|Title: Calculation of the Seakeeping Behaviour of a Jack-Up Vessel During the Jacking Sequence in Time Domain.
|Written by: Maximilian Liebert
|in: <em>ISOPE, Shanghai, China</em>. (2020).
Abstract: Offshore wind farms play a decisive role in the exit from fossil-fuel energy in Germany. These offshore wind turbines are oftentimes installed with jack-up vessels. At the site of operation these vessels lift their hull above the water surface by extending their jacking legs. The vessel´s seaway-induced motions at the moment of initial contact between leg and seabed define the critical dynamic structural loads onto the legs and the jacking mechanism, which have to be minimised.
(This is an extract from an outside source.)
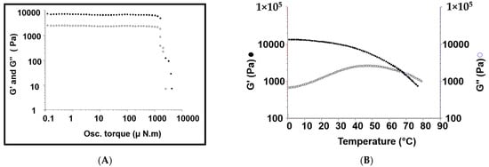(A,B) Storage modulus (G′, solid shapes) and loss modulus (G″, empty shapes) of the hydrogel system samples (n = 3), deduced from both oscillatory stress sweep experiments at 25 °C, 10 (μN·m), and 1 Hz frequency, (rheogram (A)); and a temperature sweep experiment, carried out at temperature rate of 1 degree/min and 1 Hz frequency, (rheogram (B)).

Therefore, an analysis of the seakeeping behaviour during the sensitive jacking sequence is required in the early design stage in order to define the vessel´s operational limits of sea state. The ship design environment E4 is an open software framework, being developed by the Institute of Ship Design and Ship Safety, which provides various methods for the dynamic analysis of a digital twin of the actual ship. However, these methods are restricted to conventional ship-type structures whereas the analysis of the seakeeping behaviour during the jack-up process further requires a consideration of the jacking legs´ hydrodynamic influence. For a holistic analysis of the seakeeping behaviour, the forces onto the legs were thus accounted for by a Morison approach in the calculation of the required response amplitude operators. This paper presents the calculation of the vessel´s seakeeping behaviour in irregular waves in time domain on the basis of these modified RAOs. The applied method calculates the vessel´s response motions in six degrees of freedom. Since the roll motion tends to show the largest response amplitudes in a seaway this degree of freedom is calculated in a non-linear way with respect to the wave amplitude and the roll angle by solving its equation of motion. The motions in the residual degrees of freedom are calculated from the underlying linear response amplitude operators. The achieved results are validated by model tests of a jack-up vessel with extended legs in irregular long-crested waves. This extended method represents a quick computational tool for early design applications in order to determine limiting sea states for the jacking sequence, which is a major design aspect of such ships.